Saved data entries:
• • • • •

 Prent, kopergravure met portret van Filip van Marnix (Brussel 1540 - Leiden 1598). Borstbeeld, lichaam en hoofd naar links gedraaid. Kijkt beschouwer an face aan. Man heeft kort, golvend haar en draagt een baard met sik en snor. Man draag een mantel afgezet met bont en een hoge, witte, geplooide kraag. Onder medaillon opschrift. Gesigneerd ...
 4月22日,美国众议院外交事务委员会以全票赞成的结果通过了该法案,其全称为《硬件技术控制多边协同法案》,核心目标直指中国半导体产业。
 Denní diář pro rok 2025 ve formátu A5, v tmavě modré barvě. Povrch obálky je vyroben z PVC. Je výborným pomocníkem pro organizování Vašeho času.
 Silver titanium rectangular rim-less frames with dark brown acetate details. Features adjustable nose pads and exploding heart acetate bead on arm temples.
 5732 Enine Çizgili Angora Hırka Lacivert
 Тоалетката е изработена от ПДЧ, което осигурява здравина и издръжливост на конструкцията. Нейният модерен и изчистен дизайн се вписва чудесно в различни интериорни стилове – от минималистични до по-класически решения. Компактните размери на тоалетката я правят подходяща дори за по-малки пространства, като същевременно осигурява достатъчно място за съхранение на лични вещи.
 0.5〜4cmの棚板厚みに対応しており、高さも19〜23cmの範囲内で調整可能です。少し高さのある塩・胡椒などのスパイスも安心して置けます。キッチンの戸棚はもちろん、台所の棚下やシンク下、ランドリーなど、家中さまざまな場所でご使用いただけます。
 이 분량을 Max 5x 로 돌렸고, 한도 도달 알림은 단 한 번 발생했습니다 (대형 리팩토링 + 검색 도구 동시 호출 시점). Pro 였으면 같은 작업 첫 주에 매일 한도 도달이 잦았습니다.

• • • • •

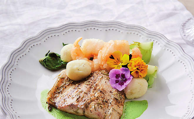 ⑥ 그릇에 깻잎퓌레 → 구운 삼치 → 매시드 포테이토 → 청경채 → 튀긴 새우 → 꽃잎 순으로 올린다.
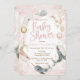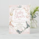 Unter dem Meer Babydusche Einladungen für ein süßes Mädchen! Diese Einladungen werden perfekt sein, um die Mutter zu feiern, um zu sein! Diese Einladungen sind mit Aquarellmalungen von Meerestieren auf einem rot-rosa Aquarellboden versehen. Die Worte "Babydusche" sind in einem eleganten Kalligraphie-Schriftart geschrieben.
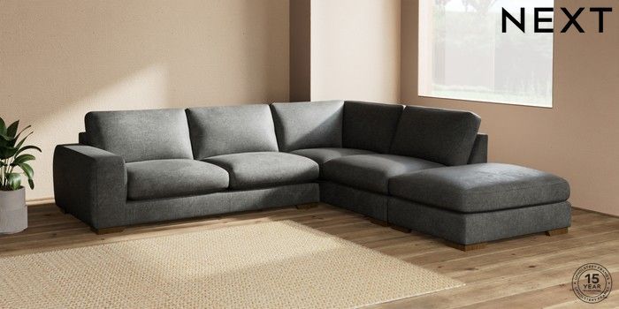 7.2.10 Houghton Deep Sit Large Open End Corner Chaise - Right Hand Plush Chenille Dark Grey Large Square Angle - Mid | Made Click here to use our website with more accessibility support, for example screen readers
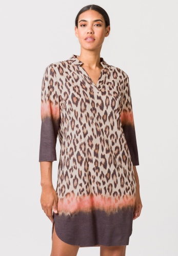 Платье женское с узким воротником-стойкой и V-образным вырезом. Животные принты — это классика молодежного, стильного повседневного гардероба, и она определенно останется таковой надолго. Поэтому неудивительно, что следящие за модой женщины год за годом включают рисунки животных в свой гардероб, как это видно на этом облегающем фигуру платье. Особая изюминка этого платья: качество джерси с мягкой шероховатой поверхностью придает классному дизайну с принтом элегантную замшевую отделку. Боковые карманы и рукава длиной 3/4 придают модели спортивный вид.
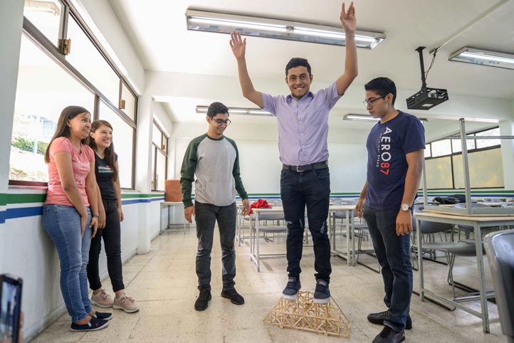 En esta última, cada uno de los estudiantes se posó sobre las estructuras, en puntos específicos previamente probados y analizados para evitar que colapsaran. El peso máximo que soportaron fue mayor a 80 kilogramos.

• • • • •

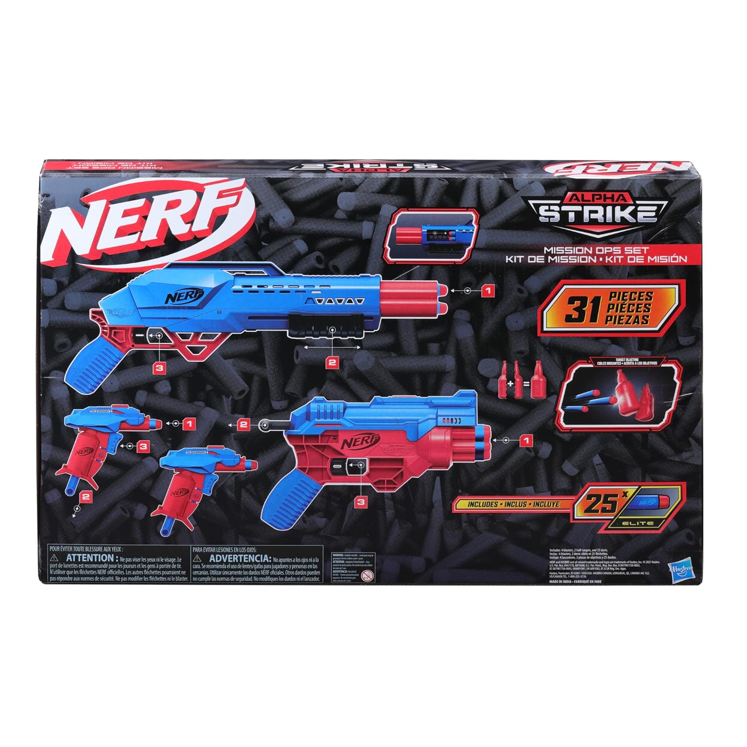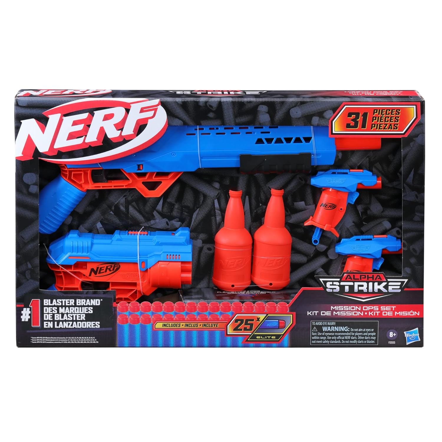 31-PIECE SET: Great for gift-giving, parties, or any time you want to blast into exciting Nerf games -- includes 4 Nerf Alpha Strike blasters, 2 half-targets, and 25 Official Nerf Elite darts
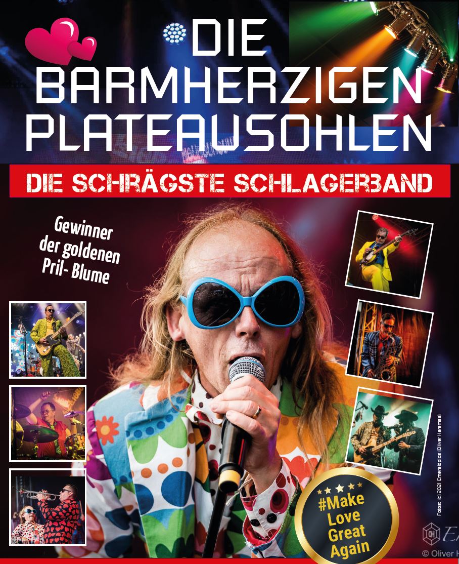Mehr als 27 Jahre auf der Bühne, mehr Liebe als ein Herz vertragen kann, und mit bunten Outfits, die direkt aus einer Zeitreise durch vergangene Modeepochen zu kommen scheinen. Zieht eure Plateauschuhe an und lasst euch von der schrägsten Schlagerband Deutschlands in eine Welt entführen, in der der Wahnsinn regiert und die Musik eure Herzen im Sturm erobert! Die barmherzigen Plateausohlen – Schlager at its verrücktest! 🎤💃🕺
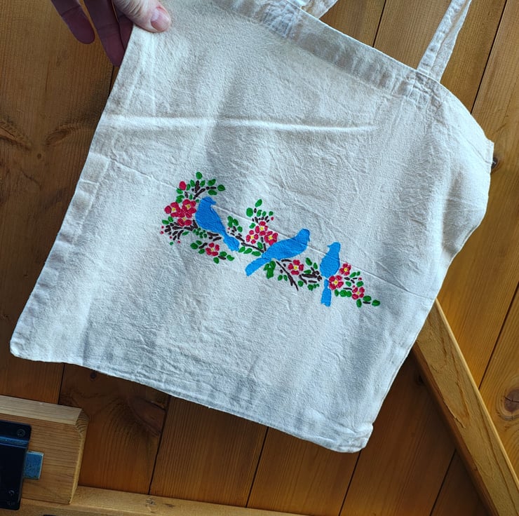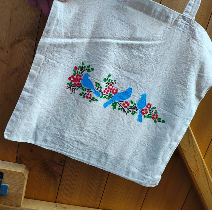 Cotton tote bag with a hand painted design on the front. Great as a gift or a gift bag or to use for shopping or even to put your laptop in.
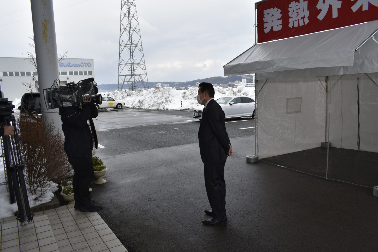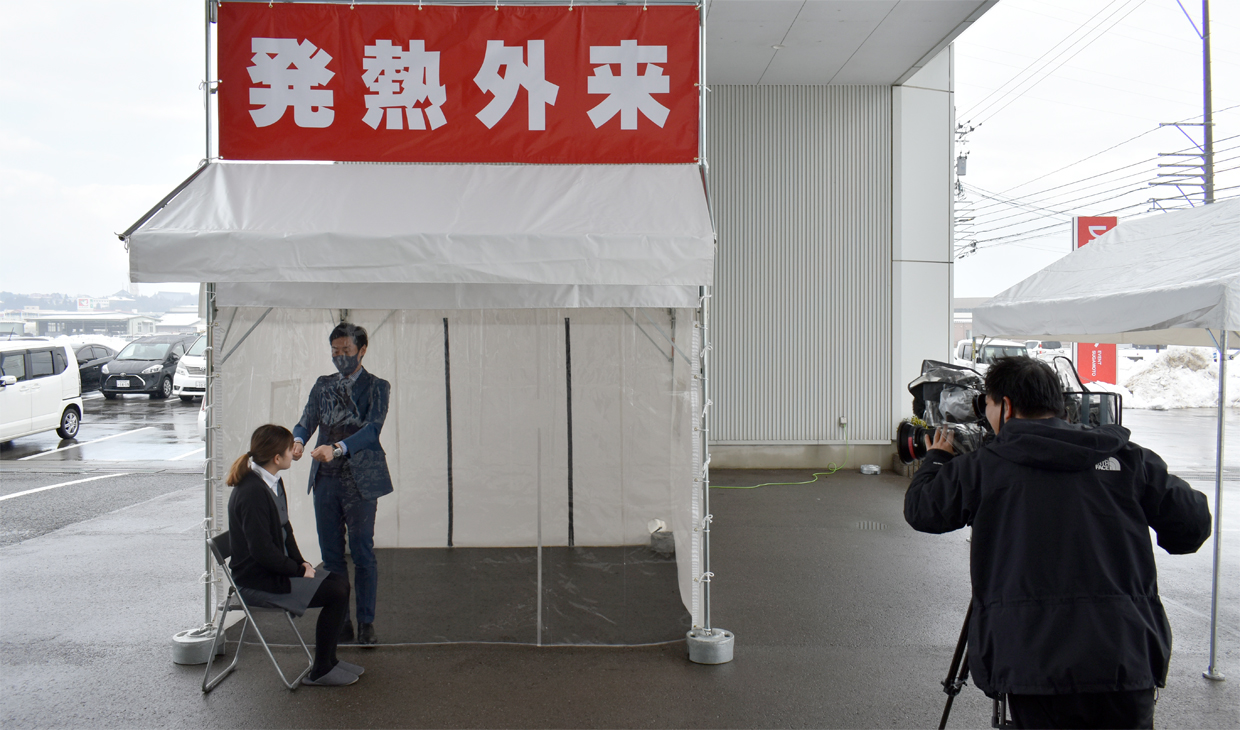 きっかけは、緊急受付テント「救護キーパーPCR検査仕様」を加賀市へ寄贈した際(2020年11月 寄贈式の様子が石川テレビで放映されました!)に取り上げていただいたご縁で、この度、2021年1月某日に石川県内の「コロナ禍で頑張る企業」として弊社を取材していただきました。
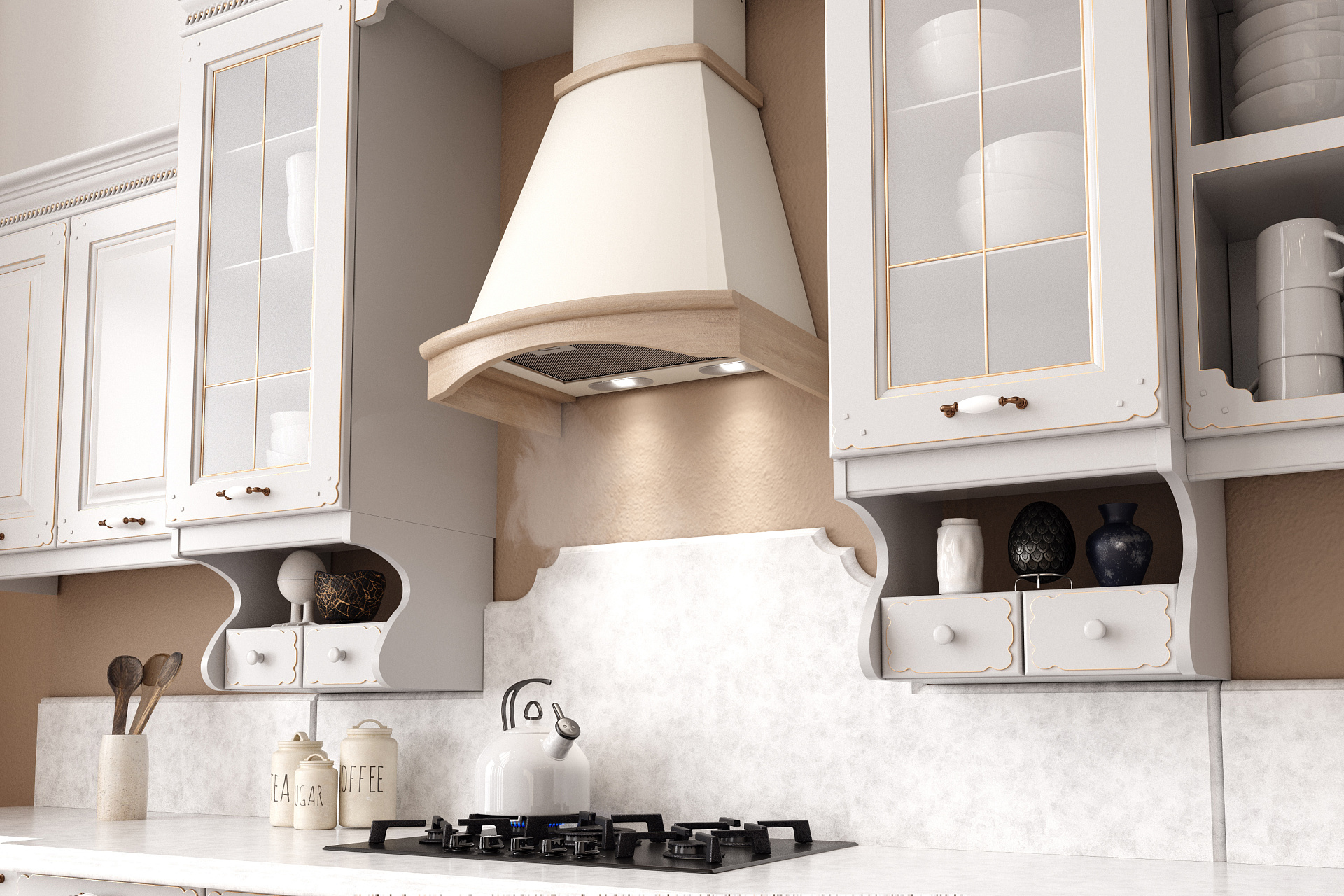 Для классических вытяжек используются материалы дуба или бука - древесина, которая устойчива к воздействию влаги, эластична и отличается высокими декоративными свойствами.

• • • • •

#### WHAT THE EXERCISE ASKS:
A verbatim transcription is needed of the lines above, starting at the line with "Prent, kopergravure met" and ending at the line with "4月22日,美国众议院外交事", both included, and of nothing else.

#### EXERCISE RESULT:
 Prent, kopergravure met portret van Filip van Marnix (Brussel 1540 - Leiden 1598). Borstbeeld, lichaam en hoofd naar links gedraaid. Kijkt beschouwer an face aan. Man heeft kort, golvend haar en draagt een baard met sik en snor. Man draag een mantel afgezet met bont en een hoge, witte, geplooide kraag. Onder medaillon opschrift. Gesigneerd ...
 4月22日,美国众议院外交事务委员会以全票赞成的结果通过了该法案,其全称为《硬件技术控制多边协同法案》,核心目标直指中国半导体产业。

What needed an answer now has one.